Morton is an interesting place where they found Mesolithic middens, shells, fish bones, reindeer and wild boar bones, and flints. I would have hunkered down listening for the ancestors.

all the part inside the red line was flattened. I met someone on the beach later in the week who has a Visla, he lifted the dog over the wire fence and went round the edge by the fields.

since then I have been going on rather shorter walks than usual

giving my shattered muscles a chance to recover. these photos are from St Andrews, Lumbo den

and Spinkie den

rather less challenging

with one tree trunk to get around or over

another (partially) wooded walk in Auchterarder this weekend, here lots of oaks which you don’t see so much in Fife, but this is Perth and Kinross

a pretty walk with a small river

beside some rather nice houses

even one huge one with matching garden

the forest greens having an effect in the studio

although this was just a first layer

and sadly looked very dark and doomy today

so it got firstly a lot of writing and then grey and white and a bit of pink squeegeed around on it, which I then cut through with masses of spray bottle action. so much of that paint dripped onto the floor!

and onto a paint tin, making an interesting musical accompaniment

another on-going, a diptych this time.
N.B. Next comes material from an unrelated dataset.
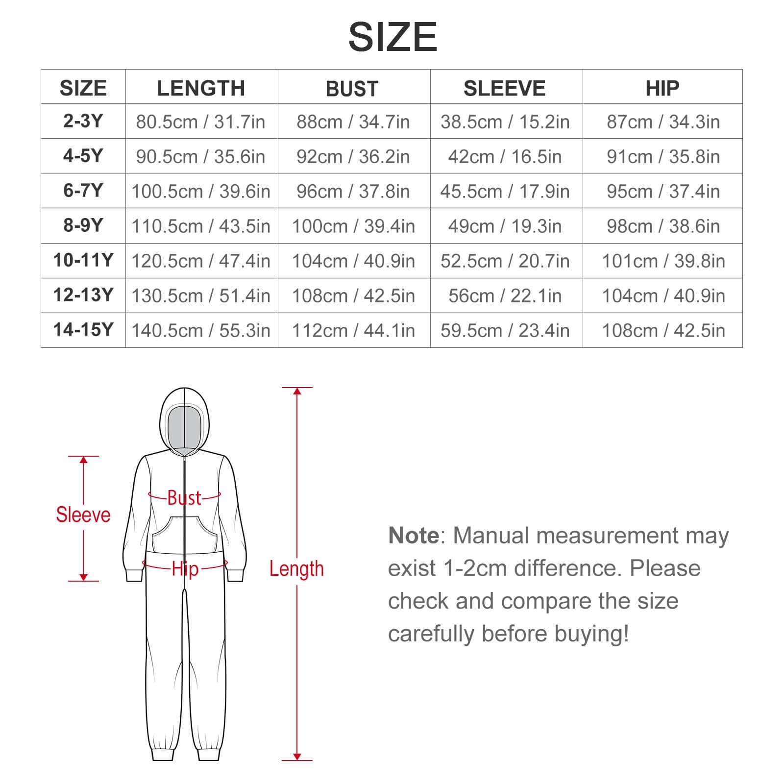 12-13Y | 130.5 / 51.4 | 108 / 42.5 | 56 / 22.1 | 104 / 40.9 |

I’m interested in how much space I have to make in this one

covering up with creamy greys and whites

and as usual, changing my mind to uncover, then re-cover.

it’s looking very different from recent work and has no text … I have a few pieces in limbo at the moment

this one I like as is, except for the four or five weird faces lurking in it …. or perhaps I actually like them and will keep it as is …
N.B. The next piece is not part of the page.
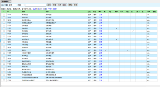 会计科目是账务处理的基础,账套创建时会自动创建一套会计科目数据,会计科目管理界面(如下图):

all those trees … so alive, so huge, so dynamic

I’m not seeing them in my work just at the moment, just weird faces ..

today I tried another new walk from Ceres as I had to post a painting off and the post office in the Spa shop there is the best.

starting off on the old pilgrim way from Culross to St Andrews

it follows high ground and this bit of it is called the Waterless road. there are great views of other places I walk to the north

I turned off after just over a mile

following a wiggling, swooping tarmac lane from a farm

down into the back of Craigrothie, past a ruined dovecot (doocot here in Scotland). they are quite common. and usually this shape with the crow-step gothic gables.
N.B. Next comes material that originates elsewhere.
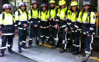 document.write("Two firefighters from New York and visitors from several Australian brigades joined New Zealand fire-fighters today in downtown Auckland this afternoon to honour counterparts who have died in the execution of their duty. The event remembers, particularly, those emergency services' personnel who died in the series of tragedies on 11th September 2001 in USA, and those 56 fellow New Zealand fire-fighters who have died in the line of duty. SSO Bay, as Anglican Bishop of Auckland, officiated at the ceremony with prayers for those who gave their lives, and for firefighters everywhere. Eight members participated in the stair climb, others provided event traffic management and scene protection.

how cutely rural is this – a ford with a little arched stone bridge to keep your feet dry.

the second doocot is more of a folly on the old Wemysshall estate

on a little hill in the woods

following a steep path with greasy steps, and out by this pretty gate.

now I have to submit some paintings to things, the Scottish Royal Academy annual open, a gallery in the US that’s offering to look at their Instagram followers’ paintings – very noble of them – and some poems.

I’ve got one from my fallen forest experience, for the Rialto’s nature and Place competition. there’s always some compensation, though my hips and my knee are still quite unhappy from all that crawling and climbing.


One Comment

  1. What a scary exhausting walk / clamber / nightmare – good to know that there are plenty of easier walks too. Great that you can use it in paintings and poems though, you are so multi-talented! Great photos.